图2 展示的是另外一个设想的稳定性。尽管该图形象地展示了电路稳定性的观点,但与此同时,也指出了我们必须将大信号的稳定性与小信号的稳定性严格区分开来。然而小信号的稳定性是一个非常重要和非常需要的判断标准,一个电路也可以满足这个要求,并且会与一个大信号的微扰一起变得不稳定。重要的是,电路设计师们需要记得,所有我们可能执行的幅相裕度整定计算仅仅只是确保了小信号的稳定性。这些计算结果主要依靠——并且只适用于——线性电路,和一个转换调节器——被定义为——非线性的电路。我们通过用围绕小信号直流工作点周围小信号的微扰,来演算我们的分析结果,去解决这个迷团。这之中的具体差别将会在接下来的设计过程的有关探讨来说明。
图2 强信号和弱信号
三、反馈电流控制原理:
展示的是一个最基本的调节器,在这里,不受控制的电压来源(或者电流,或者功率)将会被应用到电路的输入,且在输出过程中被这个不受控制的电压(电流或者功率)的预期值完全的掌控。电流控制的基础是一些基准电压的结构,任何在输出电流和基准电压之间的偏差都是会导致电路的错误。在一个反馈操作电路中,负反馈回流电是用来减少在可接受的标准内这种错误——就如我们希望能从一开始付出努力,一直坚持到最后能成功一样。然而,按照典型的案例来说,我们也希望让错误不会那么快的发生,但是回流电控制电路本身就存在着频率响应与电路稳定性的互换。回流电路的频率响应越多,不稳定的危险性就越大。

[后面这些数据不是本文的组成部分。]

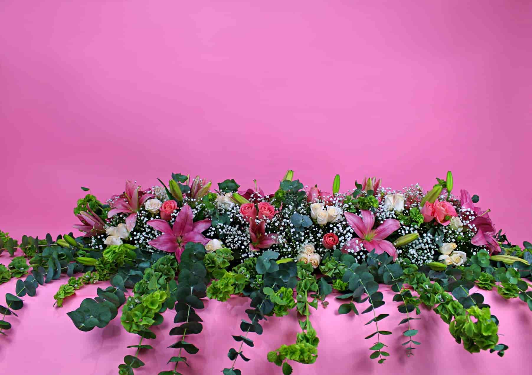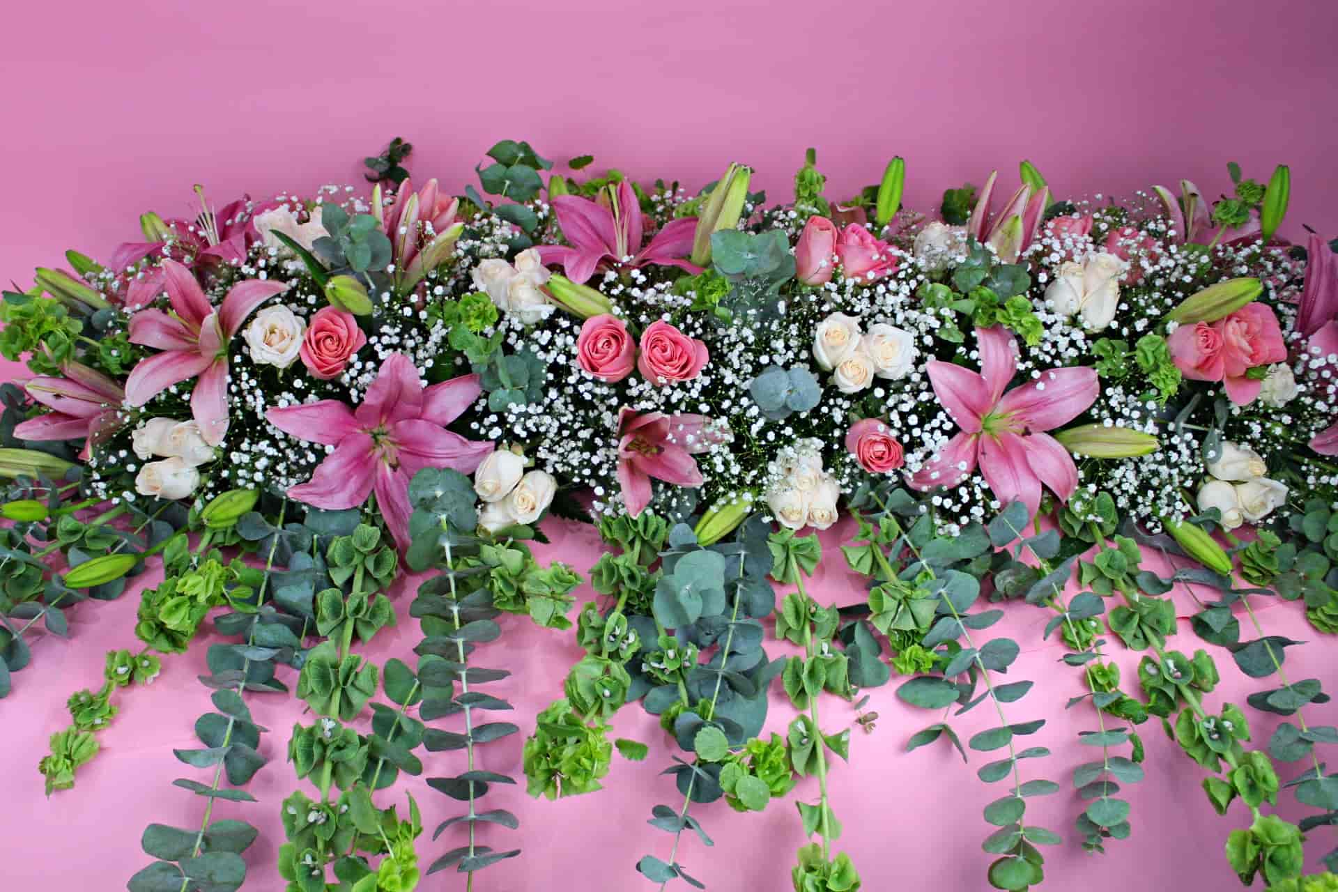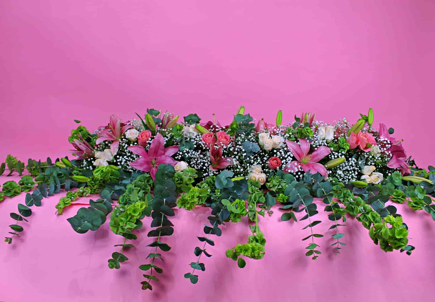 Hermosa jardinera de 1 metro con 24 rosas hermosas y 48 rosas blancas, dollar, lilis, campana y gypsophila, ideal para mesa principal.

在这一点上我们应该注意,另外一个控制方法——前反馈。通过前反馈的控制,一个控制信号将被直接地发展到去回应一个输出波动或者微扰中。前反馈没有回流电那么精准,因为检测输出电流不是那么复杂难懂,然而,无法否认的是,等待一个输出电流的错误信号会被发现,而且前反馈控制无法产生不稳定性。需要清楚表明的是,典型的前反馈控制将不像只有一个电压调节器的控制线路那么有效,但是前反馈的控制经常被用于和反
馈一起去加快调节器对动态输入变动的响应频率。
图3中的电流图阐述了反馈控制的基础,目标就是为了输出功率能跟着可以预测的基准电压,为了将外部微扰的影响,如同输出功率的变动一样,能会被减少到输出功率所能接受的等级上。
图3 反馈控制流图
如果没有反馈电,基准电压到输出功率的转换函数y/u就跟G是一样的,我们可以这样表达输出功率:
y=Gu
另外反馈电流(实际上是反馈信号的减法):
y Gu yHG
之后r基准电压与输出功率的转换函数:
Y=G
u=1 GH
如果我们假设GH=1,那么整体的转换函数就是:
y/u=1/h
这个函数不仅使得G现在成为独立,它还使所有的电路参数都变得独立,这这可能会影响G(供给功率、温度、元件公差,等等)并且被只被回流电路H(并且,理所当然的,被基准电压作用)所代替来决定它。值得一提的是,H的准确性(通常称为电阻的公差)和电路的总和(错误放大补偿功率)将继续造成输出电流的错误。在实际中,反馈控制电路,如图4的模型所示,如此设计是为了使G :H和GH=1的振动频率能越大范围越好并且不会产生任何不稳定性。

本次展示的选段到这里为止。